Despite taking no public action after privately receiving legal advice Saturday, Lusher Charter School has filed a challenge to the National Labor Relations Board’s authority to hold a union election.
The board chairman, who is in the board minority that wanted to voluntarily recognize the union, said in an interview that the CEO of the school decided to file the challenge without formal board approval.
In the election last week, Lusher teachers voted 77 to 54 against union representation. However, a much smaller group of paraprofessionals at the school voted 8 to 5 in favor of a union; three additional paraprofessional votes were challenged and not yet counted.
That means the paraprofessionals could seek from the board a collective bargaining contract, negotiated by United Teachers of New Orleans. Board members at Saturday’s meeting weighed the cost of continuing to challenge jurisdiction against the cost of negotiating a contract.
Ballpark figures used at Saturday’s meeting put a challenge at $100,000, and negotiating at $150,000. The latter is the figure Benjamin Franklin Charter School arrived at after negotiating a union contract with its teachers. One Lusher board member, though, pointed out they could face both costs if their challenge is not successful.
Lusher attorney Mag Bickford filed a 24-page request for review with the federal labor board Tuesday. She did not immediately return a call for comment Wednesday.
Board Chairman Blaine LeCesne and board member Chunlin Leonhard, who also supported the union effort in a 6-5 vote, found themselves pitted against the rest of the board members on a variety of issues at Saturday’s meeting. He said he believes the majority of the board clearly agrees with the move to challenge the labor board, though it took no vote on the matter.
“This is in indication of just how unfettered the CEO’s authority is,” he said, referring to longtime school leader Kathy Riedlinger. “The board acquiesced to the CEO demanding that we take that legal position.
“It’s the tail wagging the dog.”
Bickford and two colleagues met in a closed-door executive session with the Lusher board Saturday to offer legal advice on the unionization effort.
The matter turns on whether Lusher is a governmental body, over which the labor board has no jurisdiction. A regional hearing officer of the board ruled that Lusher was not a governmental body and ordered the union election to be held.
Lusher’s argument in the labor board filing relies heavily on the state law that authorized the creation of charter schools and the fact that a majority of the city’s schools are charters.
The brief notes Gov. Kathleen Blanco’s executive order that allowed the Orleans Parish School Board to quickly grant charters after Hurricane Katrina. Advocates for Arts Based Education, the nonprofit that runs Lusher, filed its incorporation papers before Katrina. It was granted a charter by the School Board two weeks after the storm.

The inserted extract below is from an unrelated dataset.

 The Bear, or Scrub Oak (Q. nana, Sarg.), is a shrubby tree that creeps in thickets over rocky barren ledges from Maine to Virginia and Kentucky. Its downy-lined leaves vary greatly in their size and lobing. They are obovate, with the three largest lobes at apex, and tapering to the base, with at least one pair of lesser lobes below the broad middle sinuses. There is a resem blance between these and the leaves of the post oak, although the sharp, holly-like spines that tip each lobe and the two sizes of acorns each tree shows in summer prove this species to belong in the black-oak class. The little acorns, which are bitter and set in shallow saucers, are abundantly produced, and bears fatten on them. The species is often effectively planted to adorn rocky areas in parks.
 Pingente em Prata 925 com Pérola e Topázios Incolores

Lusher Charter ties its history to the traditional public Robert M. Lusher that opened in Orleans Parish in 1913. When Advocates received a charter, it converted the traditional school into a public charter school.

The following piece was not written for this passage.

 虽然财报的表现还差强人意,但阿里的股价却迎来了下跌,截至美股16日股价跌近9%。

Lusher contends it is a public school throughout the filing and that it is generally accepted that Lusher is a public school. But that doesn’t necessarily make it a political subdivision.
In fact, in a past lawsuit, Lusher successfully argued it was not a political subdivision and therefore had the ability to sue the Orleans Parish School Board over certain fees. In its brief, though, Lusher said that previous federal court ruling shouldn’t play into this decision because it was a different point of law.
Should Advocates lose its charter contract, the organization would still exist, as New Orleans has seen in other instances where charter schools have been shut down.
Lusher also argues it is a joint employer with the School Board in some cases, such as the hiring of special-education faculty.
The story was updated to include comments from Lusher’s board chairman.